In the nuclei of Edinger-Westphal begins efferent link pupillary reflex to the light and goes in a separate bundle as part of the oculomotor nerve ( n. oculomotorius). The size and reactivity of the pupils are the same as long as the signals emanating from the Edinger-Westphal nuclei are the same. That's why unequal pupil sizes- evidence of a unilateral efferent defect.

In the orbit, the sphincter fibers enter its lower branch, and then through the oculomotor root ( radix oculomotoria) - in the ciliary knot. Here the first neuron of the considered path ends and the second one begins. Upon exiting the ciliary ganglion, the sphincter fibers in the short ciliary nerves ( nn. ciliares breves), passing through the sclera, enter the perichoroidal space, where they form the nerve plexus. Its terminal branches penetrate the iris and enter the muscle in separate radial bundles, that is, they innervate it sectorally. In total, there are 70-80 such segments in the sphincter of the pupil.
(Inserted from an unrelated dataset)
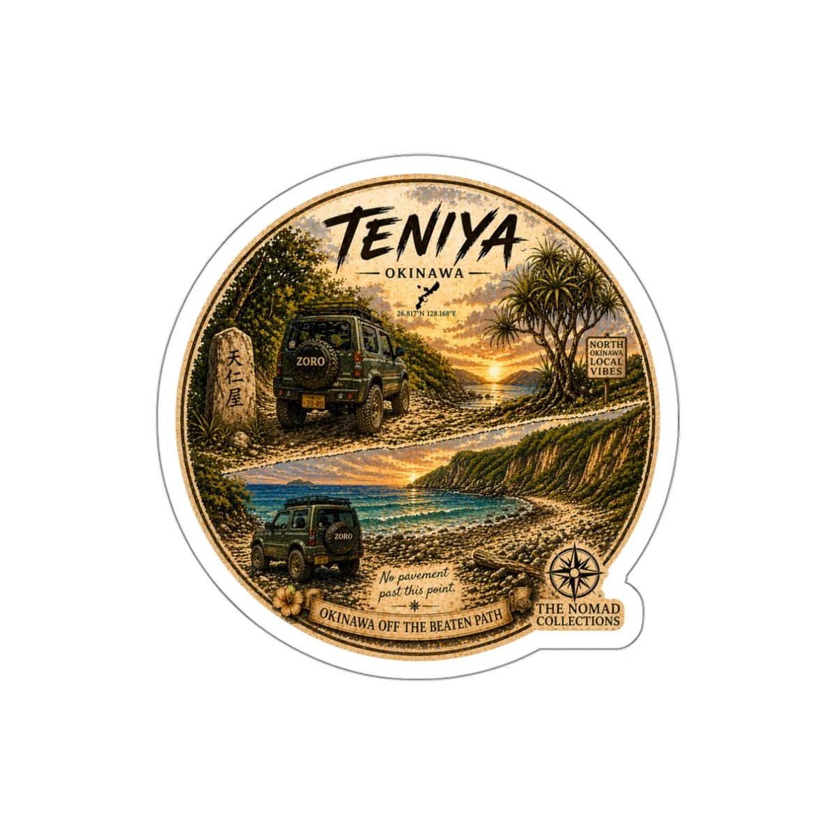 Stick it on a laptop, water bottle, or field journal to carry a little Okinawan coastline and the spirit of off-grid exploration with you.

Pupil dilator efferent pathway ( m. dilatator pupillae), which receives sympathetic innervation, starts from the ciliospinal center Budge. The latter is located in the anterior horns of the spinal cord (h) between Cvii and ThM. Connecting branches depart from here, which through the border trunk of the sympathetic nerve (l), and then the lower and middle sympathetic cervical ganglia (t, and t2) reach the upper ganglion (t3) (level C II -C IV). Here the first neuron of the path ends and the second begins, which is part of the plexus of the internal carotid artery (m). In the cranial cavity, the fibers innervating the pupillary dilator leave the mentioned plexus and enter the trigeminal (Gasser) node ( gangl. trigeminale), and then leave it as part of the optic nerve ( n. ophthalmicus). Already at the top of the orbit, they pass into the nasociliary nerve ( n. nasociliaris) and further along with long ciliary nerves ( nn. ciliares longi) penetrate the eyeball.

The pupillary dilator function is regulated by the supranuclear hypothalamic center, located at the level of the bottom of the third ventricle of the brain in front of the pituitary infundibulum. Through the reticular formation, it is connected with the ciliospinal center Budge.

The reaction of the pupils to convergence and accommodation has its own characteristics, and the reflex arcs in this case differ from those described above.

With convergence, the stimulus for pupillary constriction is proprioceptive impulses coming from the contracting internal rectus muscles of the eye. Accommodation is stimulated by the vagueness (defocusing) of images of external objects on the retina. The efferent part of the pupillary reflex arc is the same in both cases.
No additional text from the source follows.